FDR opens campaign for fourth term with hilarious ‘Fala’ speech 70 years ago this hour (Sep 23 1944)


Video: 'FDR's Fala Speech Restored'

(Saturday, September 23, 1944, 9:31 p.m. EWT; during World War II) — U.S. President Franklin D. Roosevelt opened his campaign for a fourth term tonight, derisively defending Fala, his black Scottie dog, against a Republican political attack.

In a speech to the International Brotherhood of Teamsters, Chauffeurs, Warehousemen and Helpers of America, FDR addressed accusations that he had mistakenly left his beloved terrier behind during a visit to the Aleutian Islands in 1943, after their recapture from the Japanese. Opponents alleged that FDR had dispatched a destroyer to bring the dog back.

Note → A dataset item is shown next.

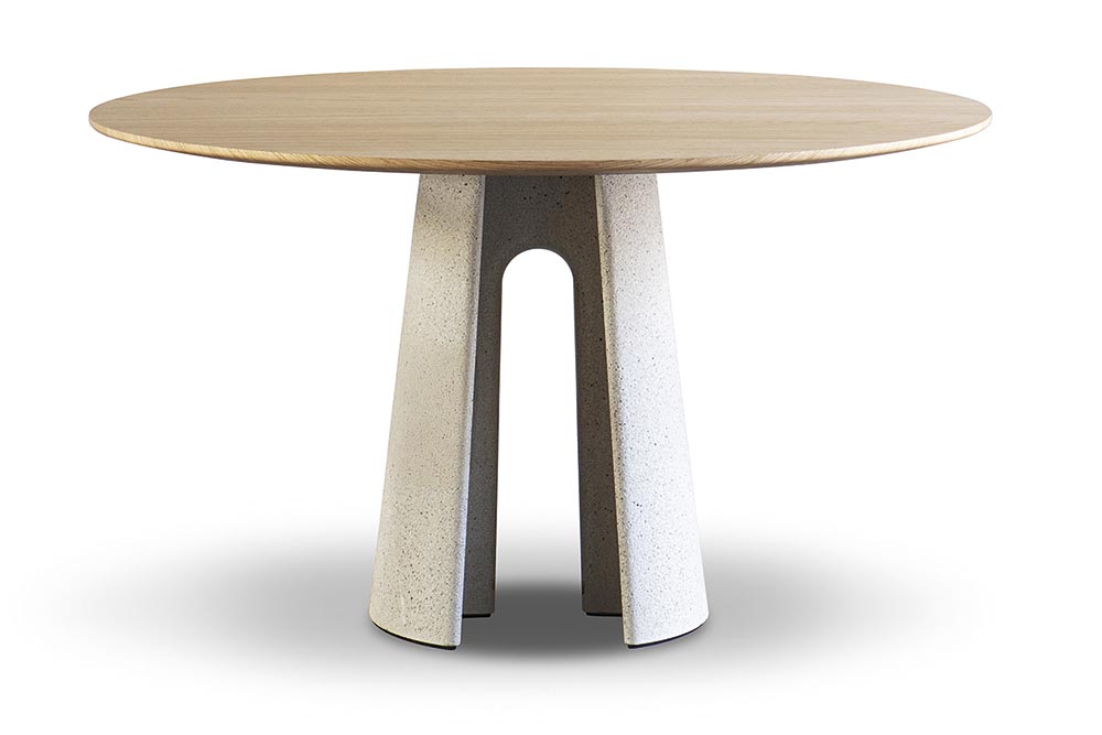 Magis komt met deze tafel Ancora van Ronan Bouroullec. Het houten tafelblad wordt ondersteund door een betonnen voet. Naast deze ronde tafel met een diameter van 130 cm, is er ook een rechthoekig model van 220 x 90 cm. De geheel betonnen versies zijn ook geschikt voor buiten. www.magisdesign.com

Amid laughter, the president said:

“These Republican leaders have not been content with attacks on me, or my wife, or on my sons. No, not content with that, they now include my little dog, Fala.

“Well, of course, I don’t resent attacks, and my family doesn’t resent attacks — but Fala does resent them. You know, Fala is Scotch, and being a Scottie, as soon as he learned that the Republican fiction writers, in Congress and out, had concocted a story that I had left him behind on the Aleutian Islands and had sent a destroyer back to find him — at a cost to the taxpayers of 2 or 3 or 8 or $20 million — his Scotch soul was furious. He has not been the same dog since.

“I am accustomed to hearing malicious falsehoods about myself — such as that old, worm-eaten chestnut that I have represented myself as indispensable. But I think I have a right to resent [and] object to libelous statements about my dog.”